Impact
DeepMind AlphaFold
AlphaFold predicts 3D models of protein structures and is helping accelerate biological research
AlphaFold
AlphaFold is a deep learning system that predicts a protein’s 3D structure from its amino acid sequence. OptimalAI's David Jones, worked with Google DeepMind to create the system by initially exposing it to 100,000 established protein sequences and structures.
Before AlphaFold, the conventional methods of protein structure determination entailed arduous and time-intensive experiments that spanned years and incurred substantial costs. The latest AlphaFold system predicts protein shapes with atomic precision in a matter of minutes.
In July of 2021, DeepMind made AlphaFold an open source code, available for free, to the whole world. It is anticipated that it will revolutionise our understanding of biology.
In 2024, Google DeepMind's Sir Demis Hassabis and Dr. John Jumper were co-awarded the 2024 Nobel Prize in Chemistry for their work developing AlphaFold.
Collaboration and Mentorship
OptimalAI's David Jones played a significant role in the development of AlphaFold. As the creator of widely used protein structure prediction tools like PSIPRED and DISOPRED, Jones' work directly influenced AlphaFold's design and accuracy.

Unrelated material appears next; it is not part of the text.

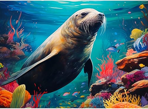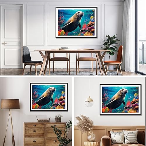 NAIMOER Phoques Peinture Diamant Adulte, Diamond Painting Animaux Complet, Diamant Painting Mer Enfants Diamant Strass Point de Croix Cristal Diamond Painting pour Home Décor 30x40cm

Leveraging his deep expertise in bioinformatics and protein folding, Jones worked closely alongside the DeepMind team to develop and refine AlphaFold’s algorithms. His contributions were instrumental in AlphaFold's groundbreaking success, solving a longstanding challenge in molecular biology.
What are Proteins?
The Protein Folding Problem
Proteins showcase their 3D structure through a process of folding, driven by attraction and repulsion among the 20 amino acid types. This intricate folding creates the distinctive curls, loops, and pleats defining a protein's configuration. Each protein possesses a distinct three-dimensional configuration, which governs its functionality and purpose. However, determining the precise structure of a protein has historically been a costly and time-intensive endeavor.

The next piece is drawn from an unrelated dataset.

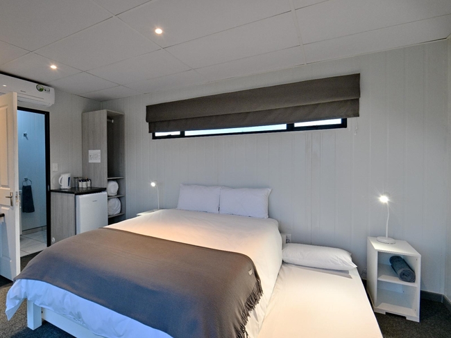 Double Rooms are furnished with a Queen-size bed. The en-suite bathroom is fitted with a shower, toilet and basin. The rooms are air-conditioned and offer tea / coffee making facilities, a bar fridge, desk, bathroom amenities and a patio with outdoor furniture. Rooms are serviced daily.

For decades, researchers have pursued a reliable means to deduce a protein's structure solely from its amino acid sequence. This is known as the protein-folding problem. Before AlphaFold, Scientists had only managed to scrutinize the three-dimensional arrangement of a minute fraction of known proteins. Predicting the structures of millions of uncharted proteins would aid in combating diseases, expediting the discovery of novel medicines and shed light on the workings of life itself.
The Algorithm
AlphaFold uses a form of deep learning called an attention-based neural network system, that is trained end-to-end. This means that all of the different steps of the process are simultaneously trained instead of sequentially. This gives more flexibility to the network, allowing it to dynamically learn interactions between non-neighboring nodes. AlphaFold also uses evolutionarily related protein sequences, multiple sequence alignment, and a representation of amino acid residue pairs to refine its predictions.
The overall training was conducted on a processing power of between 100 and 200 GPUs. Training the system on the hardware took weeks, after which the program would take a matter of days to converge for each structure. The program was trained on over 170,000 proteins from a public repository of protein sequences and structures. AlphaFold offers two reliability metrics which provide confidence estimates in the predicted protein structure. This tells scientists how accurate the predictions are likely to be.
At CASP14 (2020), the latest iteration of AlphaFold was introduced to the protein-folding research community and tested against real experimental data. It attained an accuracy level that was deemed to address the protein structure prediction problem.
Professor Ewan Birney
Deputy Director General, EMBL and Director, EMBL-EBI
AlphaFold Protein Structure Database
In 2021, DeepMind and EMBL-EBI launched the AlphaFold Protein Structure Database and made it free and openly available to the scientific community. The database contains over 200 million predicted protein structures, covering almost every organism on Earth that has had its genome sequenced. This includes the entire human proteome, plants, bacteria, animals, and other organisms, opening up new avenues of research across the life sciences that will have an impact on global challenges, including sustainability, food insecurity, and neglected diseases.
Subsequent updates have seen the addition of UniProtKB/SwissProt and 27 new proteomes, 17 of which represent neglected tropical diseases that continue to devastate the lives of more than 1 billion people globally. AlphaFold has also shown impact in areas such as improving our ability to fight plastic pollution, gain insight into Parkinson’s disease, increase the health of honey bees, understand how ice forms, tackle neglected diseases such as Chagas disease and Leishmaniasis, and explore human evolution.
In 2024, Google DeepMind launched AlphaFold Server, a free research tool powered by AlphaFold 3. AlphaFold Server is the most accurate tool in the world for predicting how proteins interact with other molecules throughout the cell. With just a few clicks on a single platform, biologists can generate molecular complexes – regardless of their access to computational resources or their expertise in machine learning.